Why not use some sort of DB connection pooling? A new DB connection per HTTP connection seems like an unnecessary overkill unless your database digests the authentication of the HTTP connection.
Well of course there would be DB connection pooling. But 90% of the HTTP requests *also* require a DB connection, so…
The only stuff that doesn’t require DB connections are static content (images, JS, CSS, etc.) and those are cached in the browser, so subsequent requests won’t be made anyway (not even to check if it’s been modified).
Really? Most of my programming is done with .Net and SQL server. Each web application uses one connection to the database. All the different sessions are funneled through one DB connection. I’m not sure if there is a corresponding mechanism in the PHP world.
Yeah there is… it has some drawbacks though. Like what happens if something goes wrong with the one connection everything is sharing?
Also you have an issue if you ever need to run slow queries where those slow queries can eat up some of the query threads while they are running.

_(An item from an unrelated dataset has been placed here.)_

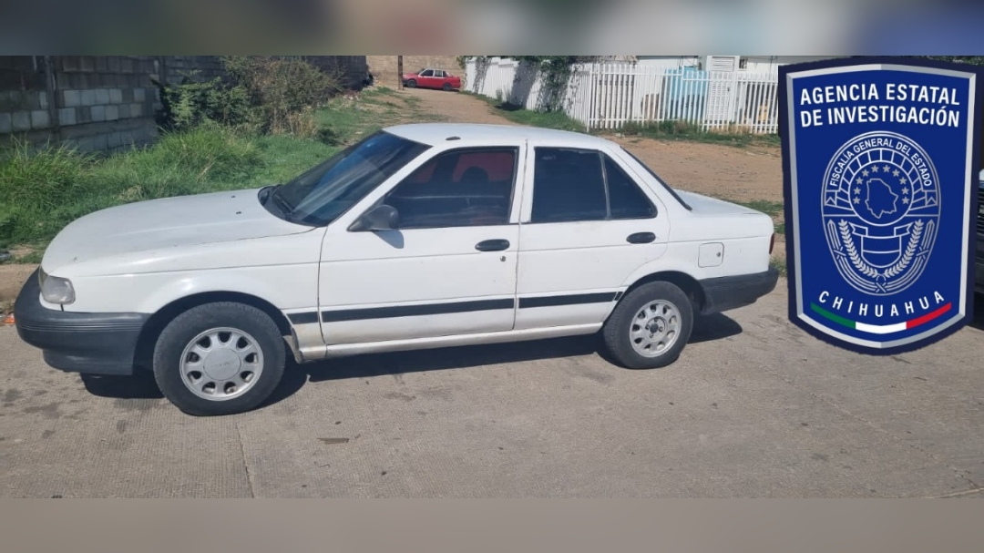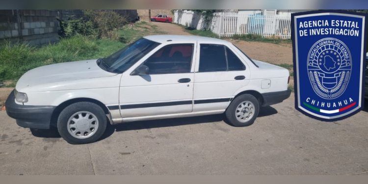 Al realizar labores de investigación y realizar recorridos en la ciudad, se localizó el vehículo de la marca Nissan, línea Tsuru, modelo 1998, de color blanco, con placas de circulación del estado de Chihuahua.

I am totally going to come off as “That Guy” by continuing the conversation. I’m sure that you’re doing it the most efficient way possible and my “Mental Model” must be getting in the way of comprehending.
With ADO.net, as long as you specify the same connection string, it will attempt to reuse a connection. 99.9% of the time it does this. However, if another is using the connection it does create a new one. “Closing” a connection really just leaves it in a state to be reused.
The equivenent in PHP (I’m assuming you’re using PHP) would be to use mysql_pconnect I believe. http://php.net/manual/en/function.mysql-pconnect.php
The sensible guy in me knows you are doing everything right… but the “Cliff Clavin” in me can’t let the topic go.
Yep… for the connections being used, they are of course persistent connections (exactly as you described).
My whole point originally was that I want the servers to be able to support the same number of persistent connections (if necessary) as concurrent web requests since the vast majority of the web requests need database access. There is no point in being able to have 10,000 concurrent web requests being served if you can only have 100 database connections.
And yes, always try to do things as efficiently as possible. For example there are a couple backend routines that read from the database occasionally and then process some stuff for 10 seconds and then write to the DB. For those cases where we know there’s going to be a huge gap between queries, we actually release the persistent connection for another process to use and then reacquire it when we actually need it.